Indeed, what would this recovery be based on? In my simple view, to create wealth, you have to create wealth. It’s not enough to create the illusion of wealth, to perpetuate the theatrical production that America’s political and economic system has become. Somewhere, somebody must produce something that others want. And I don’t see that happening. I see more of the same shell game that produces obscene bonuses for CEOs and cascading job losses for the masses. And I don’t see anything that makes me think substantive change is coming any time soon. For example, wars rage on in Afghanistan and Iraq long after anyone can remember what we’re fighting – and dying – for. And these conflicts are diminishing the hope of a sustainable economic recovery. Meanwhile, back home, the same slick con artists seem to be running the financial system, and the mass of the people seem more deluded every day.
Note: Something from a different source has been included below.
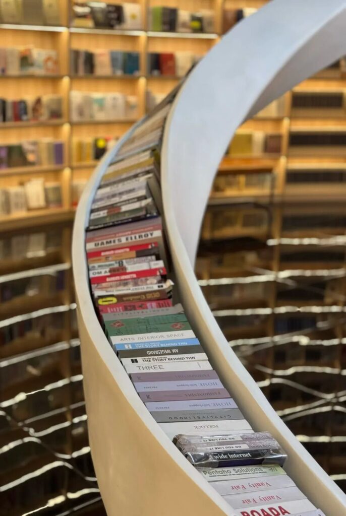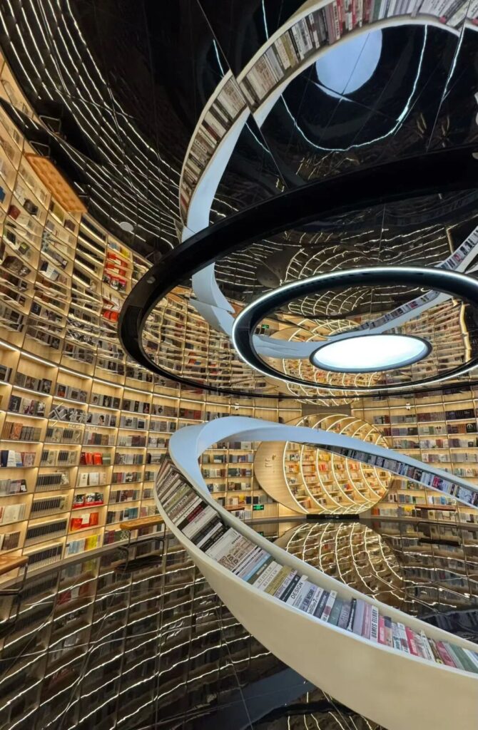 深圳行摄( 之四 ),手机随拍。步入深圳愈欣书店,螺旋书架蜿蜒如梦,灯光勾勒出奇幻轮廓,暖光勾描知识曲线的魅影,镜面倒悬书海浩瀚。

I’m afraid that Kunstler may be right when he declares:
The key to the current madness, of course, is this expectation, this wish, really, that all the rackets, games, dodges, scams, and workarounds that American banking, business, and government devised over the past thirty years – to cover up the dismal fact that we produce so little of real value these days – will just magically return to full throttle, like a machine that has spent a few weeks in the repair shop. This is not going to happen, of course. It is permanently and irredeemably broken – this Rube Goldberg contraption of swindles all based on the idea that it’s possible to get something for nothing.
If anyone reading this can set me straight, I would be deeply grateful. As it is, I think I’ll crawl back into bed and pull the covers over my head.